The global food crisis has prompted various rich countries to start buying up land in the poorer world to secure their food supplies. As well as affecting domestic food supplies in the countries affected, Sue Branford says it could be a time bomb for the world’s ability to cope with climate change

News of another big land deal between a rich nation and a poor developing country is becoming a common occurrence. In August a group of Saudi investors said that they would be investing $1 billion in land in Africa for rice cultivation. They are calling it their ‘7x7x7 project’, since they are aiming to plant 700,000 hectares of land to produce seven million tonnes of rice in seven years. The land will be distributed over several countries: Mali, Senegal and maybe Sudan and Uganda.


A few weeks earlier South Korea acquired 700,000 hectares of land in Sudan, also for rice cultivation. India is funding a large group of private companies to buy 350,000 hectares in as-yet unspecified countries in Africa. A group of South African businessmen is negotiating an 8 million hectare deal in the Democratic Republic of Congo. And so it goes on. The United Nations believes that at least 30 million hectares (about 74 million acres, well over the size of the UK) were acquired by outside investors in the developing world during the first half of this year alone.

The land grab was indirectly spawned by the international financial crisis. It’s interesting to trace the investors’ train of thought because it says a lot about the kind of world we’re heading towards. Some two years ago many financial players – the investment houses that manage workers’ pensions, private equity funds, hedge funds, big grain traders and so on – saw that the sub-prime mortgage bubble was about to burst and moved money into the safer commodities market. Although there was no real shortage of food, food prices (especially of cereals, but also of dairy and meat) rose dramatically.

Countries dependent on food imports were badly hit, with a big increase in the domestic price of some food staples, particularly rice. People coped by changing their eating habits, in many cases cutting back on meals, but they also took to the streets to demand government action. By early 2008 riots had broken out in nearly 40 countries, instilling fear among the world’s political elite. Panic-stricken governments rushed to increase their food imports, leading several food-producing nations to restrict exports, fearful that they too could be hit by shortages.

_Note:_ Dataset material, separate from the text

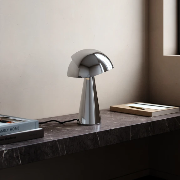 Svampeformet Align-bordlampe med foldbar skærmTo skærme placeret oven på hinanden og en kegleformet fod udgør grundstammen i Align-bordlampen, som er designet af Maria Berntsen. To messingfarvede skruer sikrer, at den store skærm kan vippes. På den måde forstørres lysudbyttet, samtidig med at det udgør Align-bordlampens hovedfokus. Skærmen er helt i metal, reflekterer udelukkende lyset nedad og giver en smuk, omgivende belysning i opholds- eller soveområdet. En vippekontakt er fastgjort til forsyningsledningen.

The big winners from the crisis were not the farmers, as one might have expected. They enjoyed a big increase in the prices they were paid at the farm gate, but all their potential income gains were gobbled up by higher production costs. The people who made a real killing were the suppliers of agricultural inputs. With their quasi-monopoly control over seeds, pesticides, fertilisers and machinery, these giant companies made obscene profits out of the higher prices squeezed out of largely poor populations.